Electrochemical oxygen reduction on layered mixed metal oxides: Effect of B-site substitution

Oxygen reduction reaction (ORR) is critical in advancing the frontiers of electrochemical energy conversion and storage technologies. To date, Pt-based electrocatalysts exhibit state-of-the-art performance for low temperature ORR, but are hindered by their high cost. Therefore, it is imperative to find cost-effective alternatives for the practical realization of these technologies. Herein, we investigate the effect of layered, mixed metal oxides belonging to first-series Ruddlesden-Popper (R-P) phases with a general composition of A2BO4 (A=rare earth/alkaline earth metals; B=3d transition metal) for ORR in alkaline enviroment of anion exchange membrane fuel cells. We show that the nature of the B-site 3d transition metal in these oxides is critical in tuning the ORR activity.

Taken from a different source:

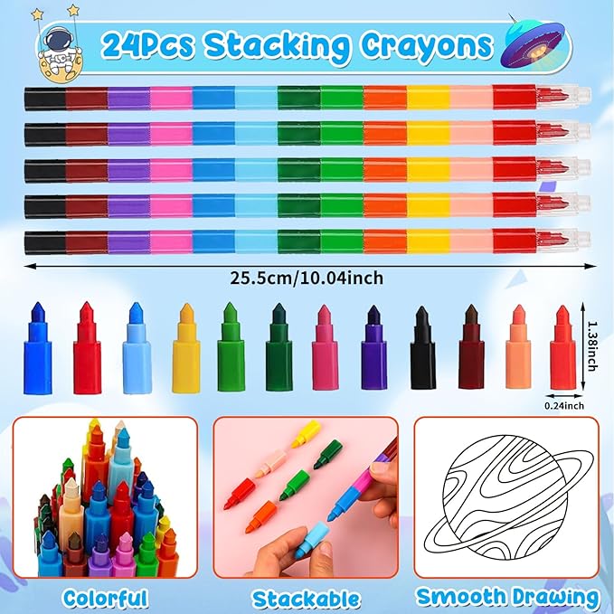 - Super Value Bulk Coloring Books: The package includes 24 packs of outer space coloring books in 8 styles and 24 pieces of stacking pencils in 12 colors. Each book is printed with 12 varying pictures. Double-side printing. 96 no duplicate patterns. The quantity is enough to meet your DIY needs

Using a combination of well-controlled synthesis, chemical, as well as electrochemical studies, we find that substitution of the Ni B-site in these oxides with nominal amounts of Mn and Co (La2Ni0.88Mn0.12O4 and La2Ni0.88Co0.12O4, respectively) leads to enhanced overall ORR activity by selective promotion of the electrochemical reduction of hydrogen peroxide, an intermediate in the pseudo 4e− ORR path. The reported findings can be used in designing nonprecious metal-based oxide electrocatalysts for oxygen reduction in alkaline anion exchange memebrane fuel cells. [Display omitted] •Oxygen reduction reaction (ORR) has been investigated on layered mixed metal oxides.•Effect of 3d transition metal site composition of the oxide on ORR activity is discussed.•Oxygen reduction reaction mechanism is deconvoluted using fundamental studies.•Mn and Co-doped oxides exhibit the highest activity toward an overall 4e− ORR cycle.